We’ve had a rough year and half in the ICU. At first we were flooded with elderly patients, and politicians on the national stage asked us to accept that they were expendable. Then came racial minorities and poor people. The experience of caring for them belies the narrative of their lack of value: it hurts badly when they die despite all efforts, and it’s salt in the cut to listen to their family members sob on the phone. There were just so many sick people at peak Covid, we did this over and over into the spring. We thought things would get better with vaccinations, and in many ways they did.
The new challenge at work is that our COVID-19 patients are almost entirely unvaccinated by choice, and we watch their families go through the process of grief, fear, and unfortunately sometimes loss because they never thought the virus would come for their loved one. At this point I’ve taken care of a few fully vaccinated people, but to a person they had significant medical comorbidities like cancer and were exposed by someone close to them who was unvaccinated.
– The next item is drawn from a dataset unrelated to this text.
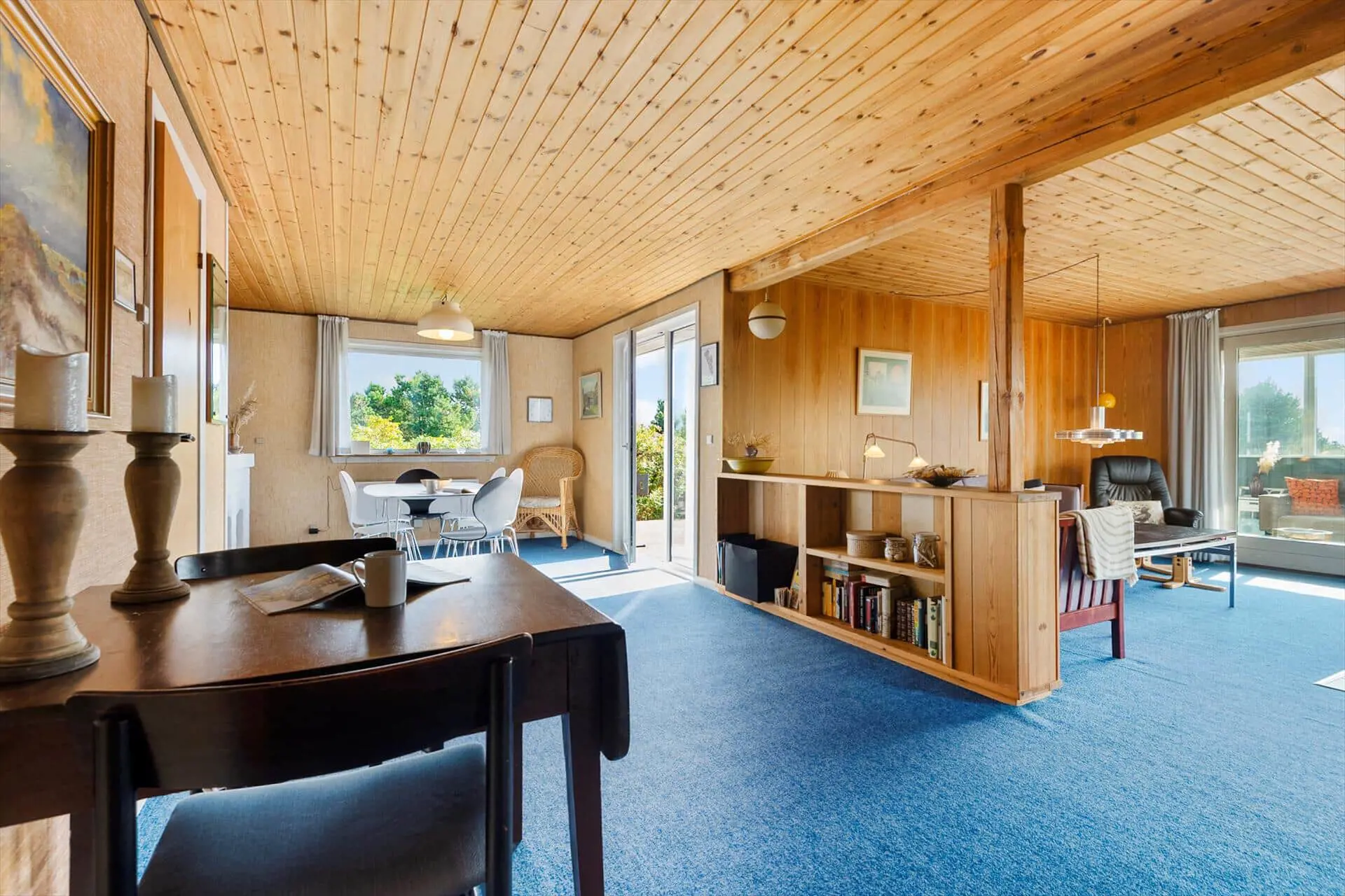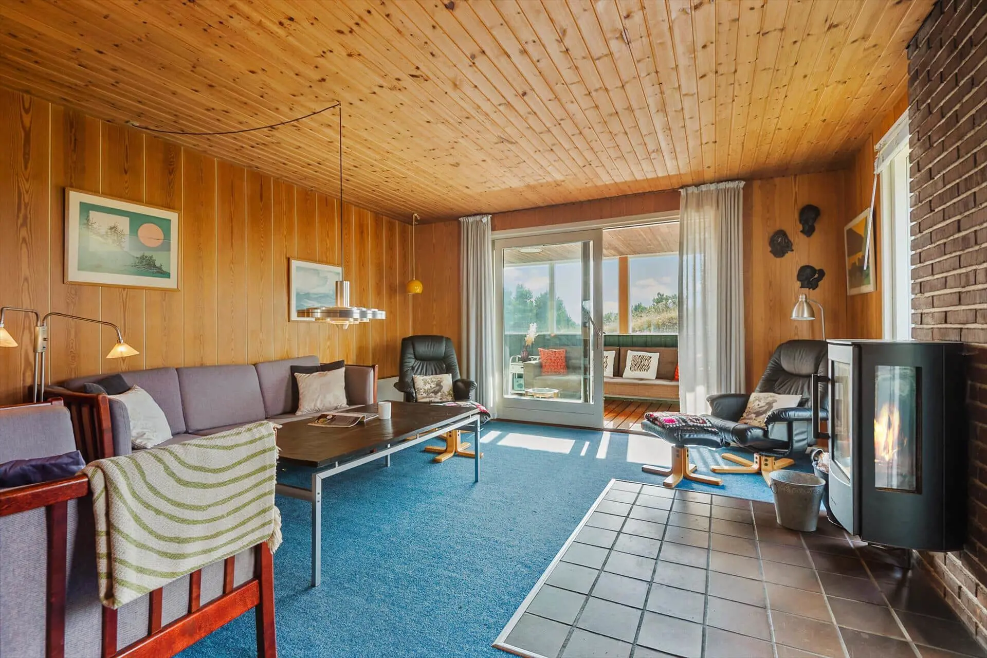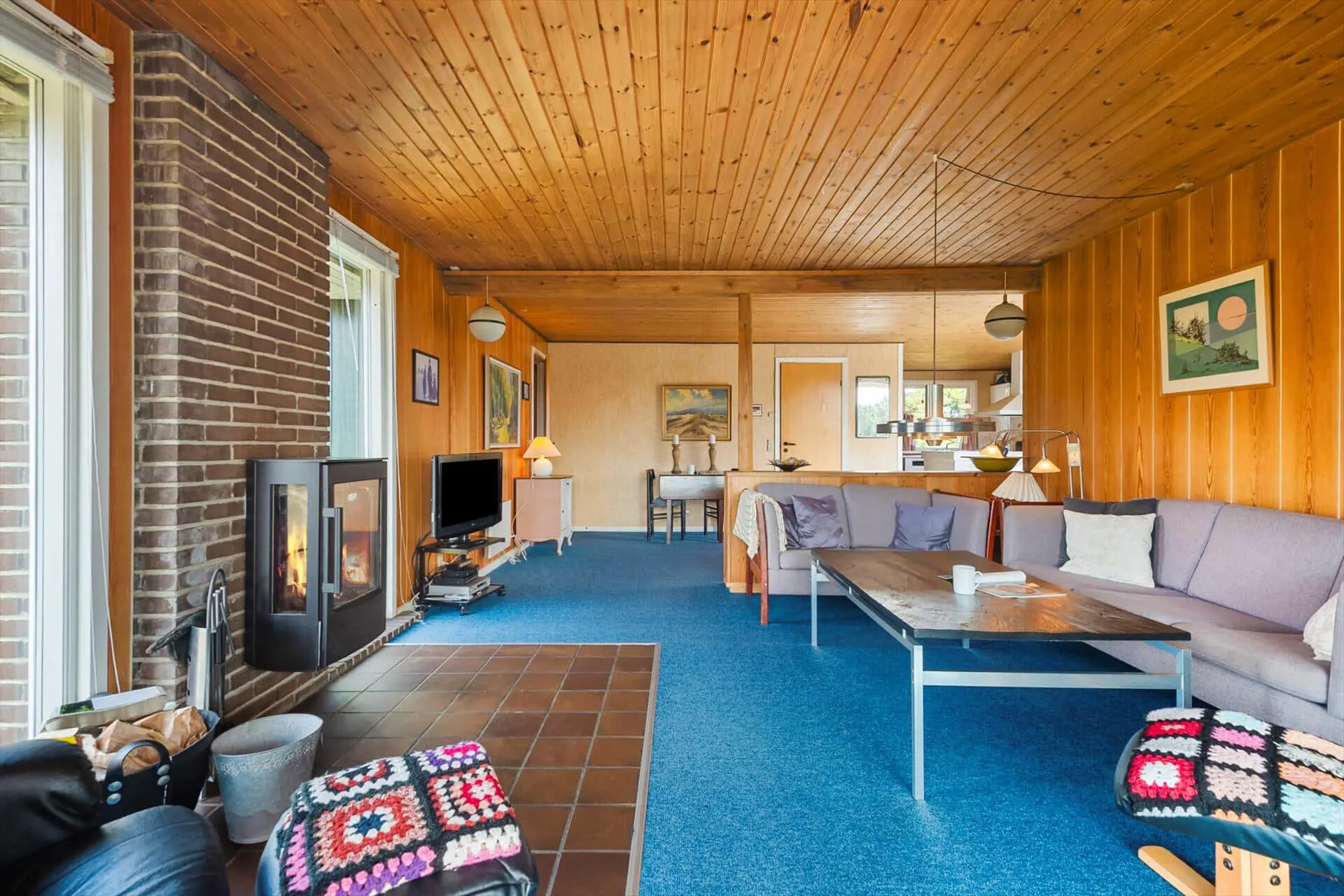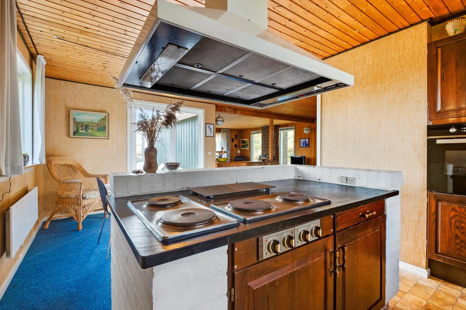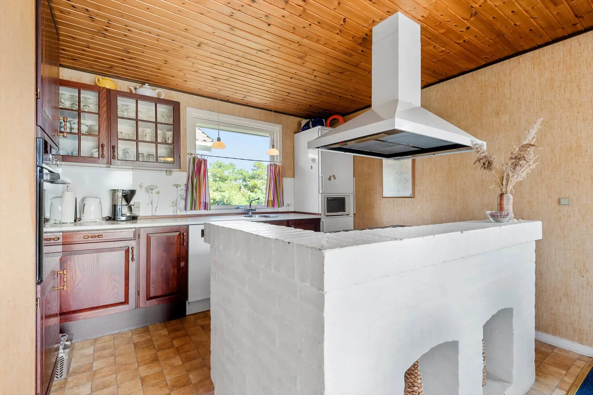 Im Inneren empfängt dich das Ferienhaus mit einer warmen und persönlichen Atmosphäre, die dich vom ersten Moment an mitten ins Herz trifft. Der liebevoll bewahrte, authentische Stil versprüht klassische Ferienhaus-Idylle, und die Räume laden zum Wohlfühlen ein. Der Wohnbereich bildet den natürlichen Mittelpunkt des Hauses – hier vereinen sich Küche, Essplatz und Sofaecke zu einer harmonischen Einheit. Bei einer Tasse Morgenkaffee kannst du den Blick ins Grüne schweifen lassen, während die ersten Sonnenstrahlen durch die Fenster scheinen. Die Küche lädt zum entspannten Kochen mit der Familie ein, und nach dem Essen machst du es dir mit einem guten Buch oder einem Brettspiel so richtig gemütlich. Gegenüber der Haustür – im Durchgang zwischen Haus und Garage – befindet sich ein separater Hauswirtschaftsraum, der zur Garage gehört, aber über einen eigenen Außeneingang verfügt. Hier kannst du bequem dein Fahrrad abstellen und findest Platz für Strandtaschen, Gummistiefel oder Jacken.

Our unit is often full, taking patients with COVID-19 and other illnesses from all over the country including western Wisconsin due to lack of local resources.
I am not going to address the above-mentioned author’s specific attempts to interpret the science of vaccines. As a physician with a background in molecular biology and immunology, I feel that she has been led astray by weak science reporting and people who are advertising a product or service. And for thoroughness, rest assured I have reviewed many of the sites she referenced because my patients’ families have requested that I do so.
I have taken care of zero patients who were critically ill due to a complication of COVID-19 vaccination. All of my physician colleagues are vaccinated, and none of us have experienced a significant complication of vaccination because such complications are very rare. The science is easy to do: millions of people have had COVID-19, and it is sometimes very bad. Millions of people have had a COVID-19 vaccine, and it is far less bad. There is a great deal of research in the public domain to support this assertion; go to the PubMed website and start with PMID 33289900 and 34365034 for a sample.
Please know that COVID-19 vaccination prevents death and misery. It is too late for it to help by the time you or your loved one is sick, and I promise that none of our therapeutics work nearly as well as an ounce of prevention (I so badly wish they did). Personally, I got vaccinated not only because I was pregnant when it was offered and I knew I was in a high risk group, but also because I couldn’t live with myself if I gave the virus to my elderly parents or my newborn. I’m asking you, if you aren’t vaccinated, to consider it not just for yourself and the people around you, but also for me, so that we never meet in the context of my job.